Thon Fundraising Turned Upside Down By Social And Mobile Technology
Charity runs, walks, rides, triathlons, hikes, climbs, swims and other peer-to-peer fundraising events are a multibillion dollar business, according to the annual surveys conducted by our team at the Run Walk Ride Fundraising Council.
There are many ways of measuring the positive impact of such community-based programs, but cash raised has always been the #1 metric. And the basic format of having supporters reach out to their friends with the message “I’m going to participate in this organized activity, please sponsor me” has been the M.O. for years.
Fueled by the rise of easily accessible digital media tools, we noticed tremendous experimentation going on around the world in the peer to peer space this year. A few examples:
The smartphone app Charity Miles eliminates the need for runners, walkers and bikers to participate in organized events or ask friends for money. Once people install the app on their phone, they can earn money for every mile they cover (25¢ for running or walking, 10¢ for cycling.)

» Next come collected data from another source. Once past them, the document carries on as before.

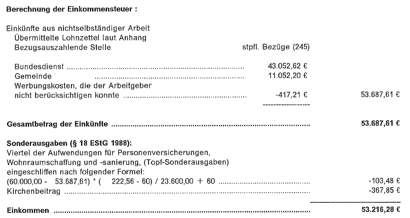 Die Topf-Sonderausgaben werden ab 1996 nur zu einem Viertel berücksichtigt und bei einem Gesamtbetrag der Einkünfte von mehr als 36.400 € überdies nach der oben angeführten Formel eingeschliffen.
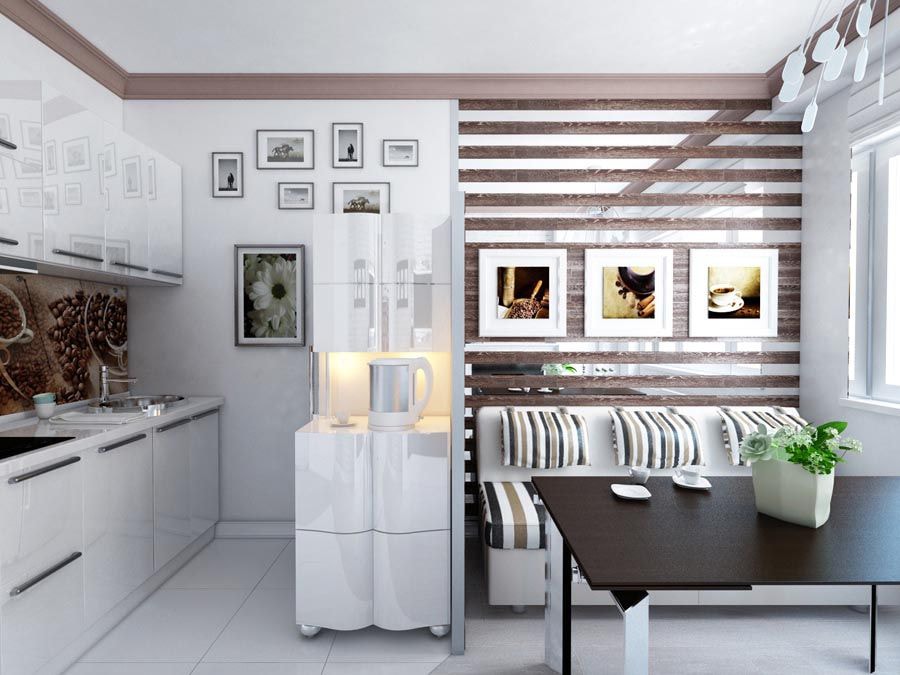 Для большинства семей самое оптимальное решение – распределить место между кухней и гостиной примерно поровну. Для большинства семей самое оптимальное решение – распределить место между кухней и гостиной примерно поровну. Сделать это можно как капитальным способом (снести перегородку), так и временным (поставить диван или обеденную группу). Рассмотрим варианты
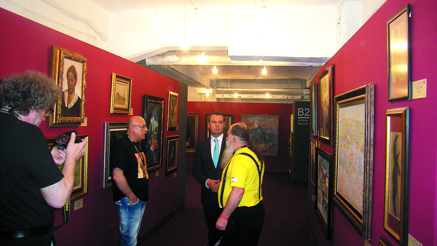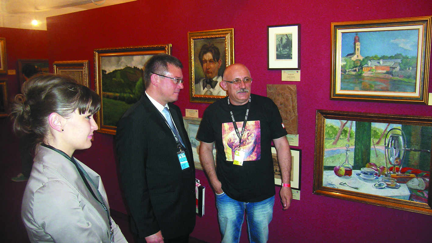 29 București 2015 – Art Safari 13: Cătălin Cherecheș (Primarul municipiului Baia Mare) în vizită la standul expozițional «Centrul Artistic Baia Mare –Avangarda interbelică» (ghizi: dr. T. Alexa, dr. Ioam Angel Negrean, dr. Dorel Topan)
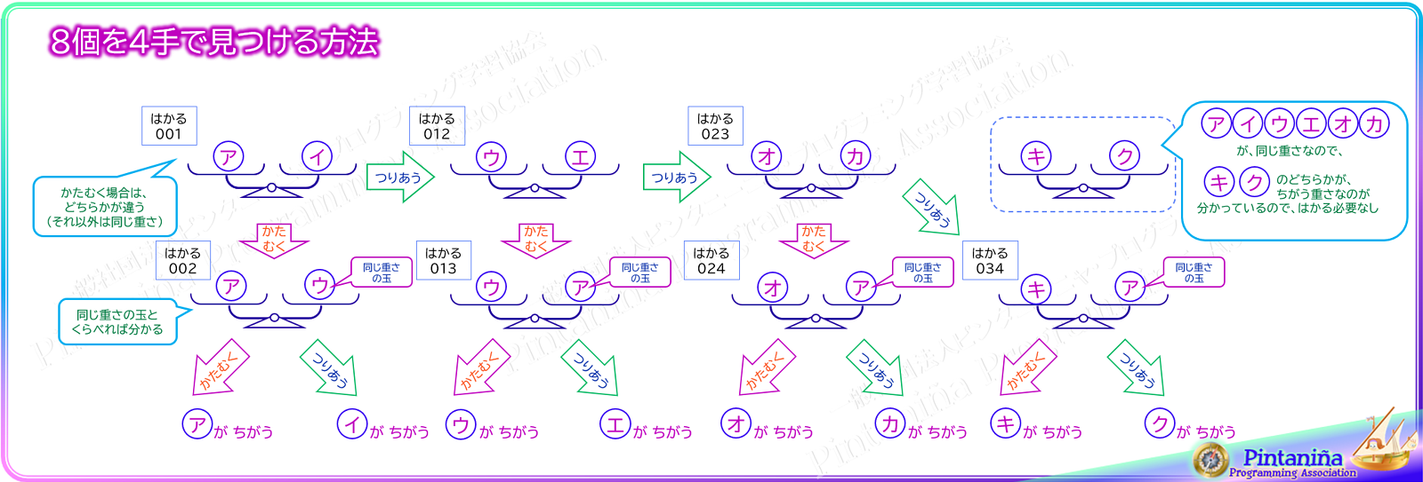 8つの玉から見つけるのがタイヘンなら、玉の数を少なくすればいいでしょう。
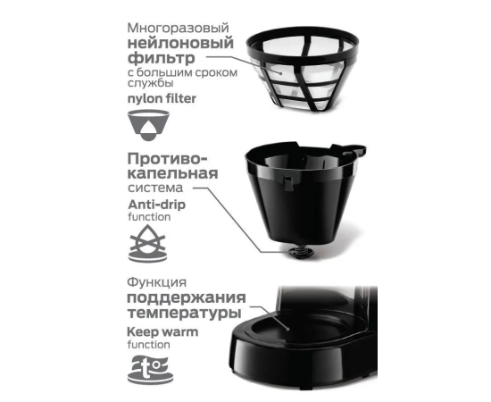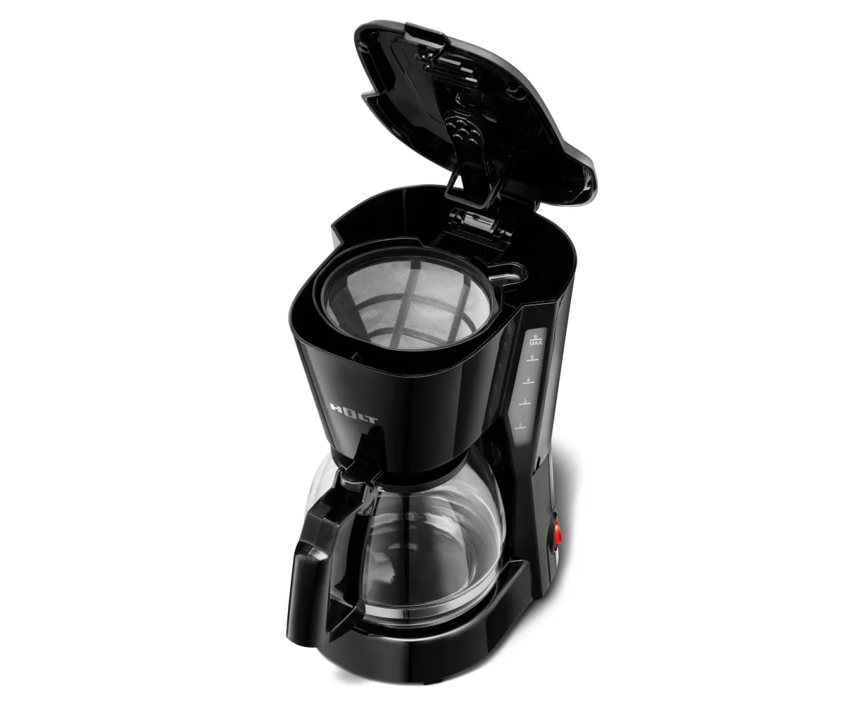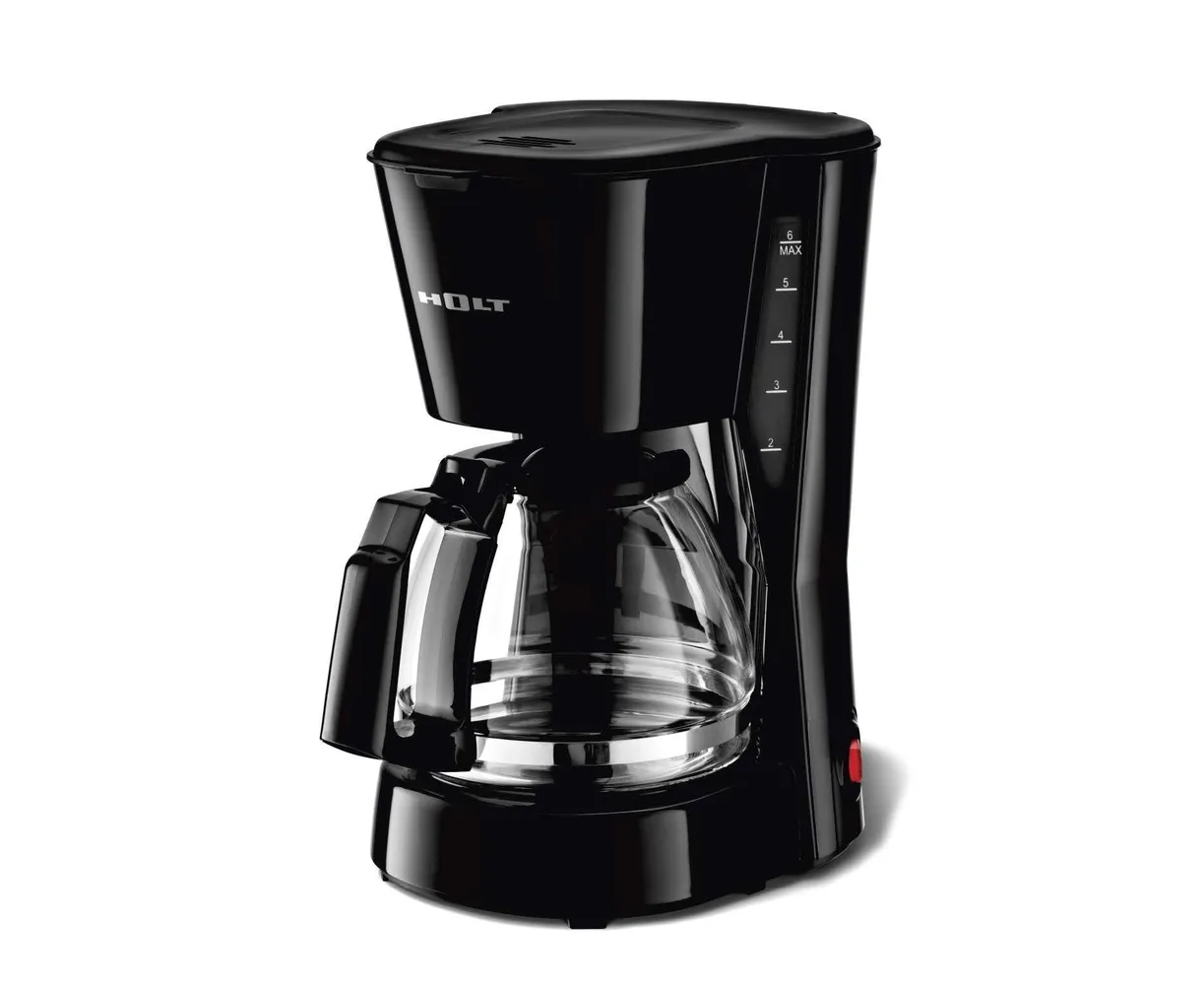 Электрическая кофеварка HOLT капельного типа мощностью 600 Вт предназначена для варки вкусного ароматного кофе и чая. Компактный размер позволяет разместить маленькую черную кофеварку на небольшой кухне в доме или офисе.
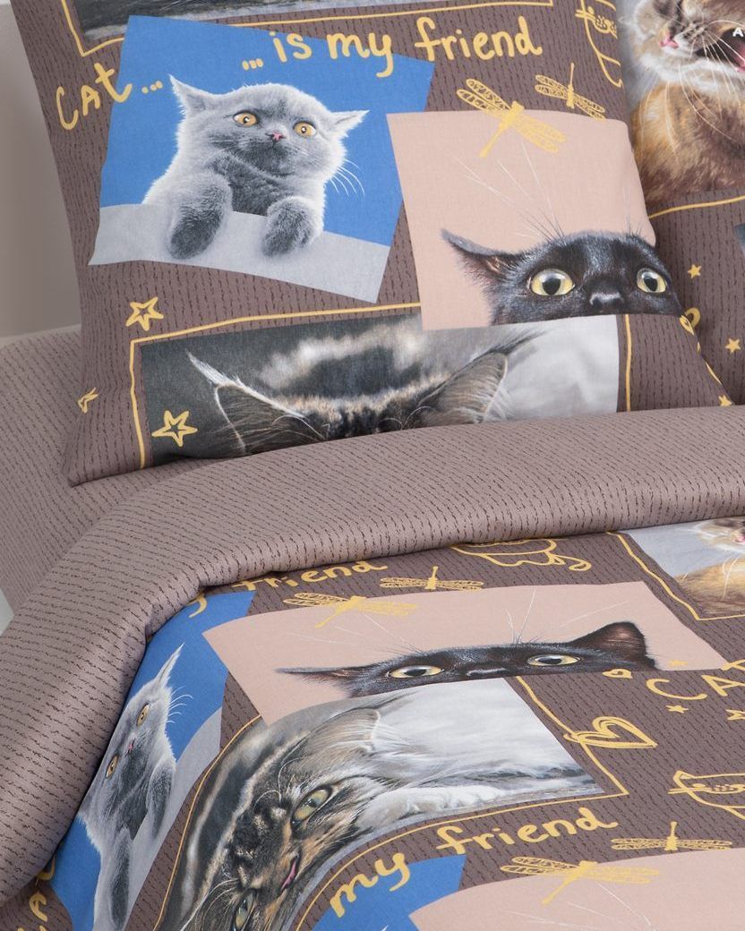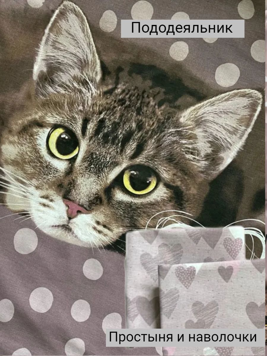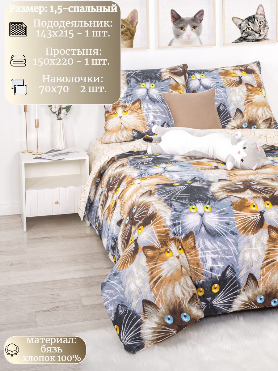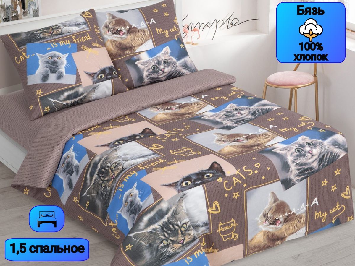 120 / коричневый / Замурчательные коты / Кот, котёнок / 1100 / ивановский текстиль / Полуторный / 143x215 / 1 пододеяльник, 1 простыня, 2 наволочки / 150x214 / Высокая / Унисекс / 4

New York-based Charity Miles founder Gene Gurkoff and his investors have put up an initial $1 million in sponsorship funds and have challenged athletes around the world to earn it for charities in a year. Charity Miles is seeking corporate sponsors to increase the pool by offering them the chance to have their messages viewed on the smartphones of participating consumers.
Over time, the range of charities will expand beyond its 10 nonprofit launch partners, which include Autism Speaks, Feeding America, the Michael J. Fox Foundation for Parkinson’s Resarch and Pencils of Promise.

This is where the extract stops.